La Chiesa, da Papa Francesco a Papa Leone XIV, ha ribadito che la dignità della persona viene prima di ogni frontiera, e che i popoli oppressi hanno diritto alla libertà.
La pace non nascerà da un annessione, ma da un riconoscimento: quello che vede nell’altro non un nemico, ma un fratello.
La Cisgiordania come ferita del mondo
La Cisgiordania è oggi il cuore della contraddizione israeliana: vuole essere democrazia e potenza occupante allo stesso tempo.
Ma una democrazia che nega libertà a un intero popolo è una contraddizione vivente.

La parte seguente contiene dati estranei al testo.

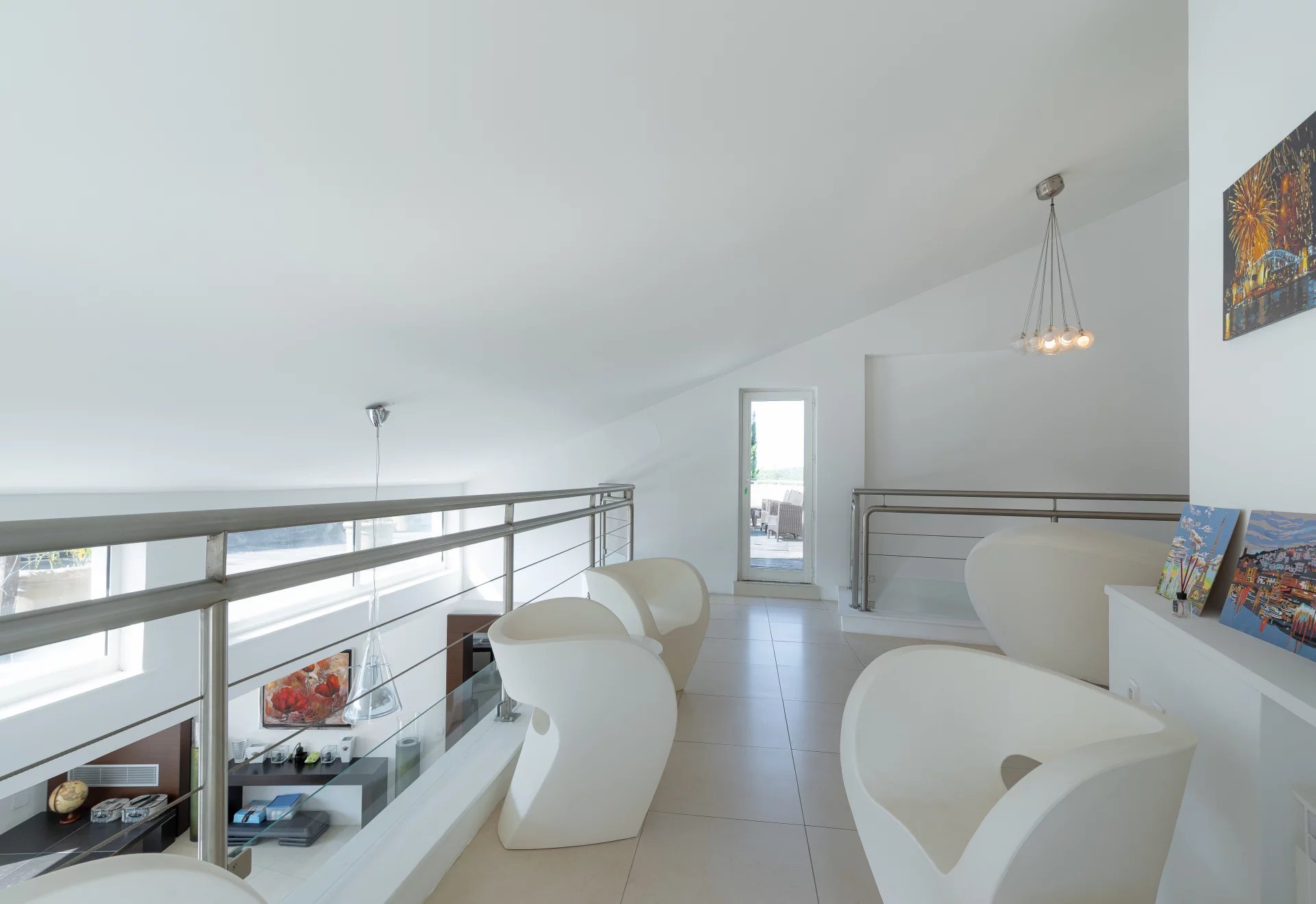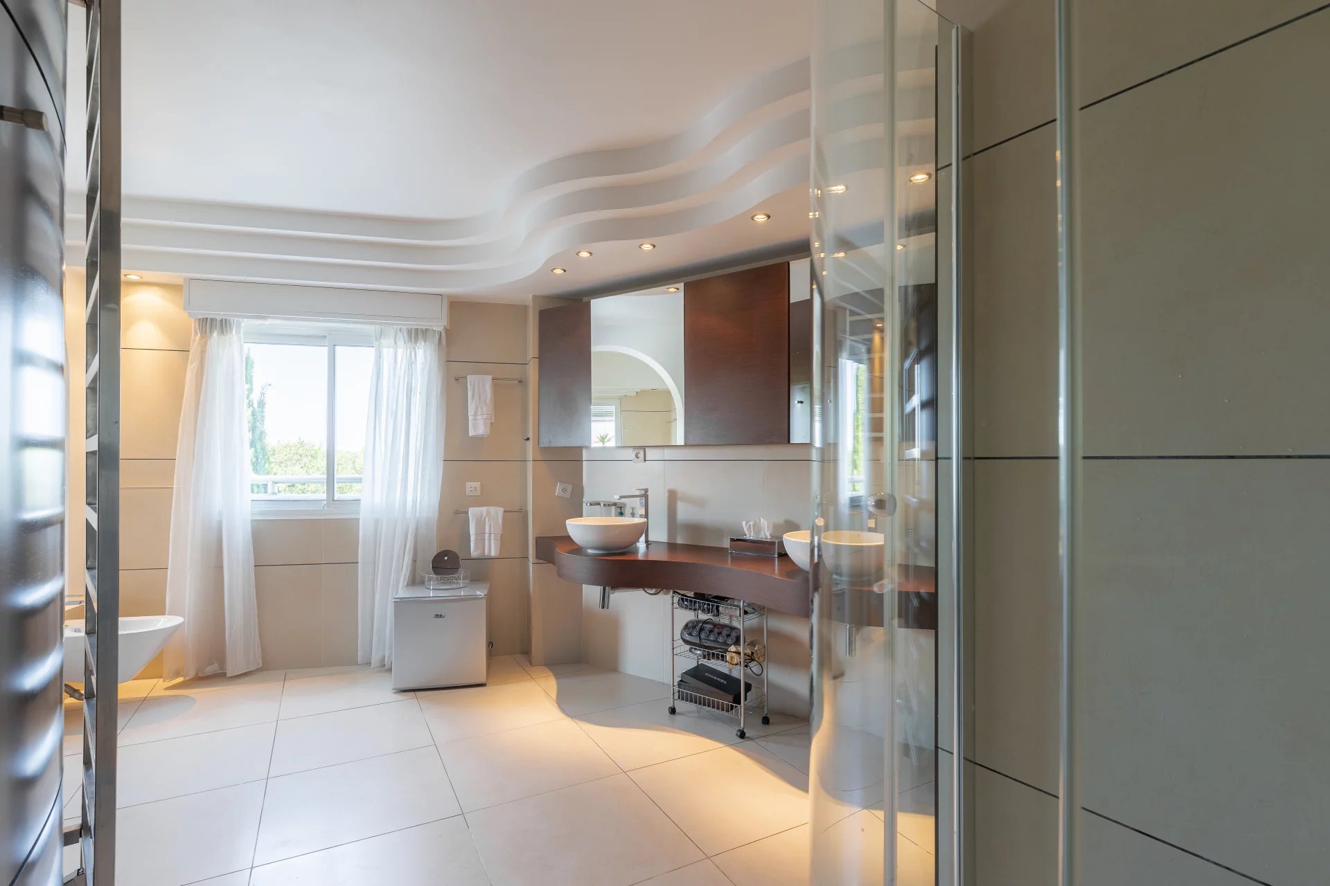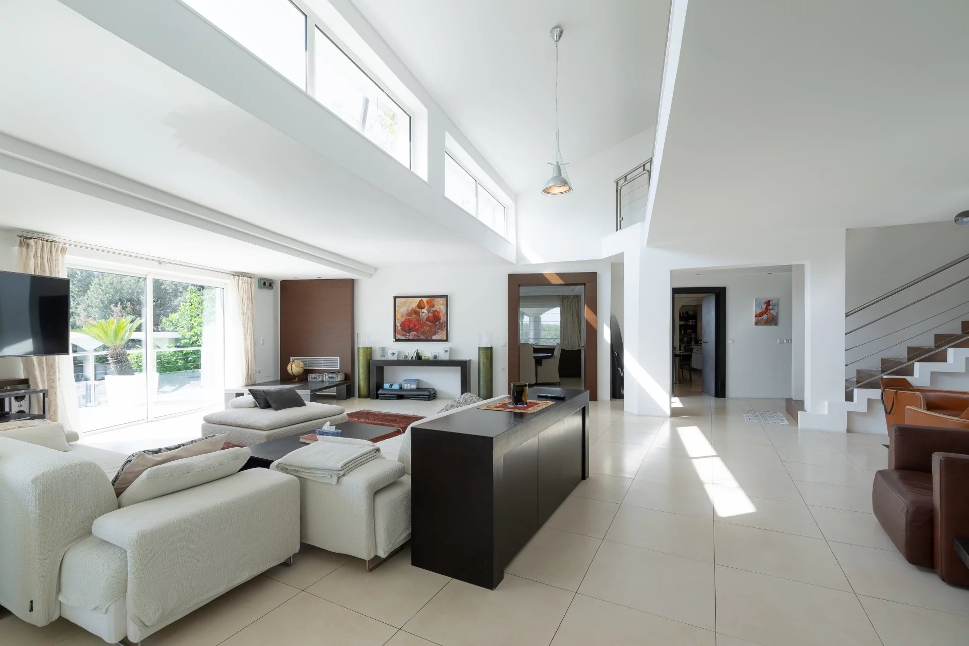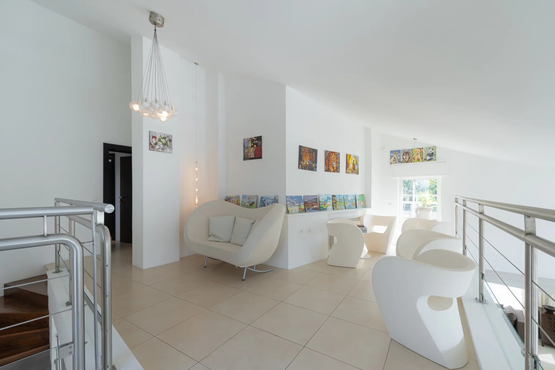 The main house has 630 m2 of living space distributed as following, main level a big open reception room, kitchen, 4 bedrooms, 3 bathrooms, 1 shower and boudoirs. At mezzanine level, owner’s suite and study.

La tentazione dell’annessione non è solo un errore politico: è una deriva morale che allontana Israele dalla sua stessa promessa di giustizia.
Finché il mondo non avrà il coraggio di dire che l’occupazione è il nome moderno della schiavitù, continueremo a contare vittime e a firmare accordi destinati a fallire.
E il giorno in cui la Cisgiordania sarà ufficialmente annessa, non sarà solo la Palestina ad aver perso la libertà: sarà l’intera umanità ad aver perso la propria coscienza.